Experiencing Sabbath
There are several debates concerning the Sabbath with respect to days; namely, is the seventh day Sabbath, Saturday, or Sunday? Such a debate is not the concern here. What I am concerned with here is the lived meaning of sabbath.
As we approach any biblical text, what is present to us are forms of life that are tied to lived experiences from which those forms may have their origins. The term Sabbath puts us in contact with the lived experiences of early Israelite communities. In this article, I want to reflect on three dimensions of the lived experience of Sabbath as highlighted in Exodus 20:8-11. They are lived place, lived time, and lived relation to others.
Place
When we think of place we usually think in terms of memories, positive and negative events that have occurred in our lives that bring us to specific places. Many will remember the place of their first kiss. Married couples often reminisce about the place where they made the ultimate commitment to each other, the place of proposal. War veterans remember places of battle; athletes remember places of sweet victory and bitter defeat. Place is an aspect of memory. In fact, one may say that place is one of the grounds of memory. Place, however, is not simply a foundation for memory. Our present is already and always constituted by place. I inhabit a place as I type this article. You are situated in a place as you read this article. Thus, place ties past and present. For, even when we remember a place, we inhabit a place as we remember it.

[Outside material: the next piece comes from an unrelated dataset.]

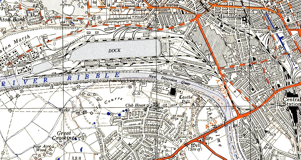 1:25,000 map 1937-51 of Preston Dock. Preston Fishergate Hill station (see Preston Walk report) is just left of the bottom right corner.
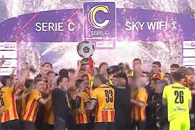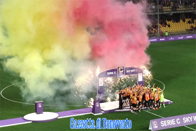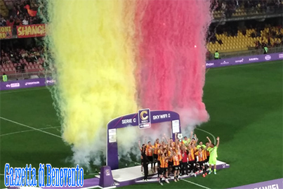 Le emozioni, però, sono giunte tutte al termine della partita con la festa in campo e la consegna della Coppa per la vittoria del campionato che il presidente della Lega Pro, Matteo Marani, ha consegnato nelle mani del capitano giallorosso, Mattia Maita, il quale l'ha condivisa insieme con i suoi compagni di squadra e il presidente, Oreste Vigorito, il quale non ha affatto accusato il passare degli anni e, come in occasione delle precedenti promozioni, ha voluto compiere il sempre suggestivo giro del campo per abbracciare idealmente i suoi tifosi e la sua città.

What does this understanding of place have to do with our understanding of Sabbath? Our churches are regarded as sacred places and spaces in which we worship and praise God. The unique dimension of the Sabbath under the dimensions of place and space is that the Sabbath has its place in time and eternity. Returning to the text, the writer turns us back to the account of creation as the basis for the Sabbath. “For in six Days the Lord made heaven and earth, the sea, and all that is in them, but rested the seventh day; therefore the Lord blessed the Sabbath day and consecrated it.” In the grand scheme of things the Sabbath has its place in eternity. However, if it has a place in eternity it also has a place in time. This leads me to the second dimension of lived experience.
Time
The Sabbath marks a boundary in time of our lived experience of the world. It marks a distinction between ordinary time (clock time) and sacred time. In ordinary time we spend our lives consuming and doing what it takes to consume (work). However, it is not just consumption, it is also our propensity to control that is a dimension of the fragmentary nature of our daily lives. The Sabbath is a “break” in our daily patterns. The writer of Exodus paints it as both historical (tied to creation) and as sacred moment(s) in time. The Sabbath is thus marked by time as we experience it and not necessarily regulated by clock time (ordinary time). The key here is on sacred moments, that is, moments in our lives that we experience as sacred.
Lived Relation
The Sabbath is a moment of lived relation in which we transcend ourselves and extend ourselves to others as neighbors. The Sabbath places believers in a moral position to free others from bondage. Returning to the text, “But the seventh day is a Sabbath to the Lord your God; you shall not do any work – you, your son or your daughter, your male or female slave, your livestock, or the alien resident in your towns.” The text discloses a form of life in which consumption and control are standard practices of living, even for believers. But the Sabbath, as a sacred moment calls believers to stand in a moral position and suspend their practices and reorient themselves and others with the universe.
The text discloses that our relations in our standard practices of living are relationships grounded in utility. In such relationships others are often regarded as objects, things, an “it” to be controlled and serve a particular purpose, namely, to meet our ends and goals. The Sabbath, as sacred moment, is a suspension and return to the doctrine of the Imago Dei. In this moment, we rise above what Jewish philosopher and theologian Martin Buber calls the “I-It” relation into an “I-thou” relation, in which our relationships with one another are grounded in faith in one another, hope for one another, and love of one another. And as the apostle Paul has informed us, the greatest of these is love. Thus the Sabbath, as a sacred moment, is a reorientation and reformation of our human constitution and disposition with the universe. It connects us with eternity where the eternal love of God reigns supreme.
The Sabbath has a place and space in eternity. As a space in eternity, the Sabbath is a boundary marker of time – sacred time. The Sabbath situations believers in a moral position to reorient and reform our relationships from “I-it” to “I-Thou.”